A gradient recalled echo (GRE) localizer scan (echo time (TE)/repetition time (TR) = 2.1/24.6 ms, flip angle = 30°, field of view (FOV) = 80×80 mm2, 256×128 matrix, three 5-mm slices per plane, scan time = 47 s) was used to position the animals in the scanner and for graphical prescription of the fast spin-echo (FSE). Dual-echo, FSE images were acquired in the axial plane (coronal to the magnet system bore; TE1/TE2/TR = 11.3/56.7/7000 ms, FOV = 60×60 mm2, 256x256 matrix, echo train length of 8, or 26 contiguous slices, 0.7mm thick). The FSE data were used for the prescription of the DTI acquisition sequence.

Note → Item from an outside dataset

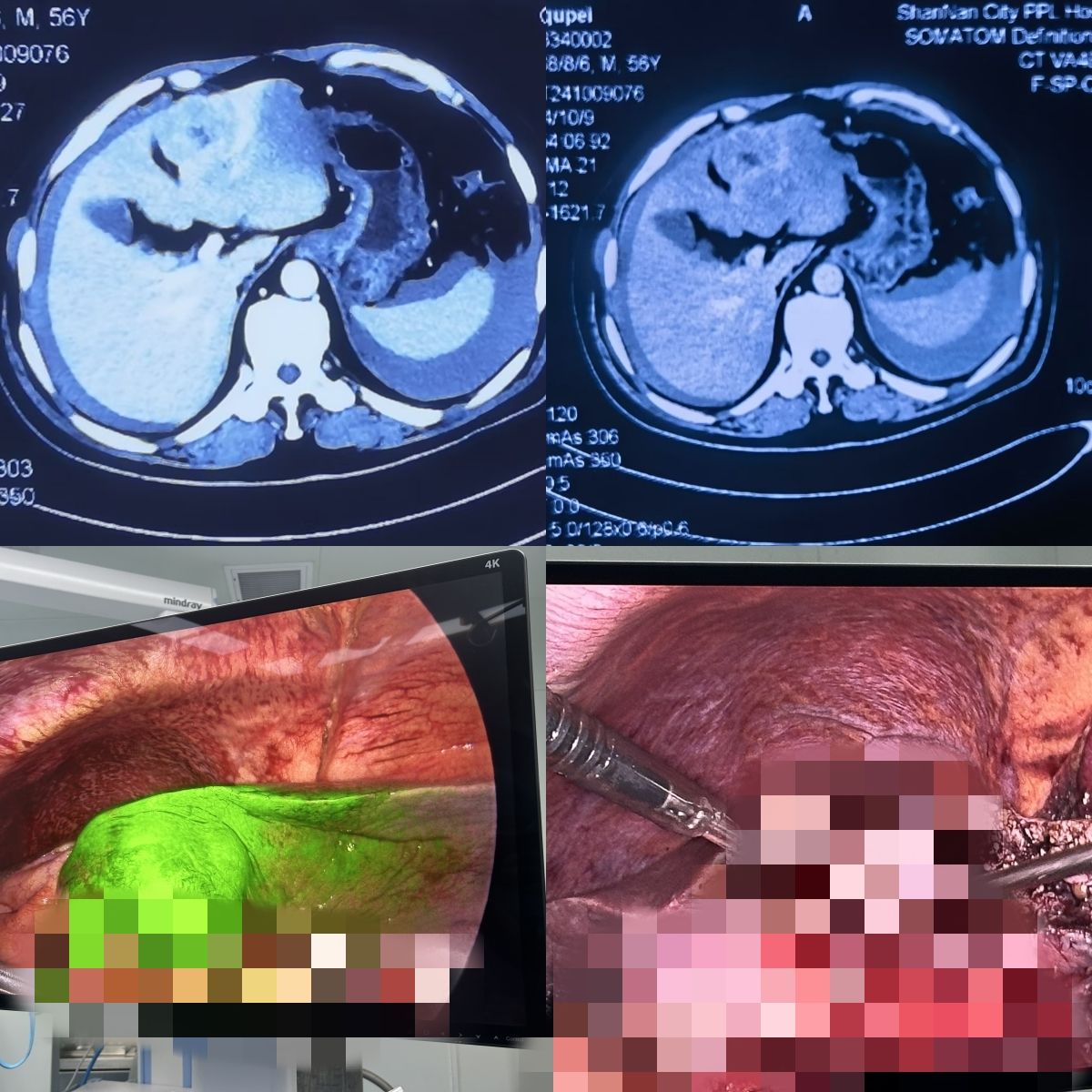 患者男性,56岁,因上腹部疼痛不适在山南市人民医院就诊,门诊彩超提示肝脏占位,腹腔积液(考虑肝ca破裂出血,出血已停止),住院后积极对症处理,完善检查肝脏肿瘤位于肝脏ⅣB段,未见肝内及远处转移。经过充分术前准备,援藏医疗专家方小三实施ICG(吲哚菁绿)荧光引导下腹腔镜肝癌切除手术,肿块完整切除,术后患者恢复良好,患者顺利出院。
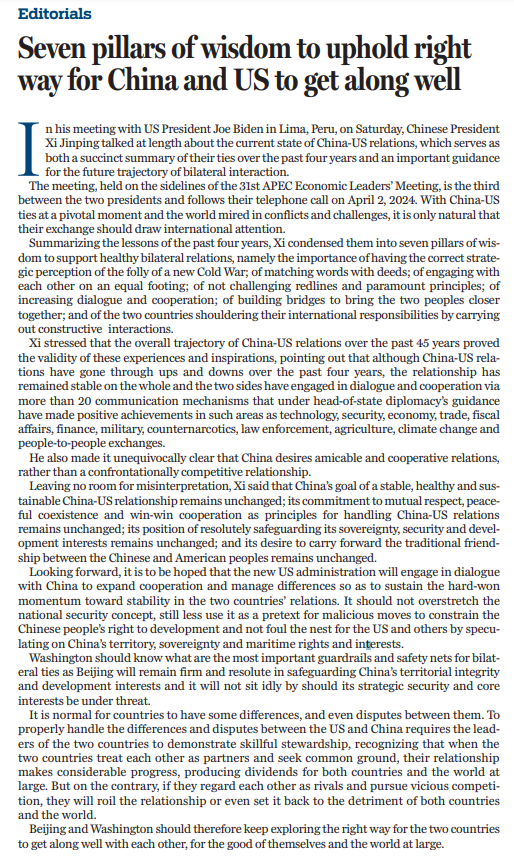 原文标题:Seven pillars of wisdom to uphold right way for China and US to get along well

The RF and gradient scheme of the implemented DTI echo-planar pulse sequence (FOV = 32×32 mm2, TE/TR = 32.8/2000 ms) was previously published [44]. Multi-slice data were acquired in axial orientation (magnet coronal) at in-plane resolution of 0.5 mm and through-plane resolution 0.7 mm, with and without diffusion weighting. A partial k-space acquisition scheme (nread = 64, nphase = 48) was applied to reduce TE. Frequency encoding direction was left to right. Data were acquired with a readout bandwidth of ±200 kHz (Gread = 147 mT/m) and an echo spacing of 0.544 ms for a total readout duration of 26.1 ms. Symmetric diffusion-weighting gradients were applied with a b-value = 1464 s/mm2 in 6 noncollinear directions (+x+y, +y+z, +x+z, -x+y, -y+z, +x-z); the same 6 directions with opposite polarity were acquired to compensate for the cross-terms caused by both imaging and crusher gradients [45]. Six directions are the minimum needed to define the diffusion tensor, and we chose to enhance single-shot signal-to-noise ratios with multiple averages of the same direction rather than using more directions with fewer averages. Crusher gradients to dephase transverse magnetization resulting from imperfect refocusing pulses were applied in all 3 directions immediately before and after the 180° pulse. Frequency-selective lipid suppression and outer-volume suppression modules preceded the imaging sequence. Saturation bands were placed around the FOV. Six averages per acquisition were collected with the positive and negative polarity gradient scheme and repeated 12 times for a total DTI acquisition time of 45 min.

DTI Analysis

DTI quantification was preceded by eddy-current correction on a slice-by-slice basis using within-slice registration, which takes advantage of the symmetry of the opposing polarity acquisition [46]. The reversing diffusion gradient polarity scheme also eliminates the need to account for the cross terms between imaging and diffusion gradients by averaging the opposite polarity data [45], reducing the data to six non-collinear diffusion-weighted images per slice. Using the field maps, B0-field inhomogeneity-induced geometric distortion in the eddy-current corrected images was attenuated with PRELUDE (Phase Region Expanding Labeller for Unwrapping Discrete Estimates)[47] and FUGUE (FMRIB's Utility for Geometrically Unwarping EPIs; http://www.fmrib.ox.ac.uk/fsl/fugue/), although this procedure had minimal effect on the data. The basis images were interpolated to .125 mm isotropic resolution with a windowed sinc in-plane and linear through-plane function and smoothed with a 3×3×3 box-car average. DTI metrics (FA, MD, longitudinal diffusivity [λL], and transverse diffusivity [λT]) were computed with standard tensor fitting methods [17].

Fiber Tracking

The genu, splenium, and bilateral fimbria-fornix tracts of the hippocampus were identified as point targets in the FSE image of a laboratory standard animal, which was selected based on image quality (e.g., low image noise, no visible artifacts) and animal positioning (e.g., centered within the available FOV with no cropping). The baseline late-echo FSE anatomical images were registered nonrigidly [48](http://nitrc.org/projects/cmtk) to the standard animal image. We used the Normalized Cross-Correlation similarity measure to drive the registration, which used a three-level B-spline transformation [49] with a final control point spacing of approximately 0.7 mm (the exact control point spacing is a function of the initial control point spacing, here 2.5 mm, the number of grid refinement steps, here 2, and the image field-of-view).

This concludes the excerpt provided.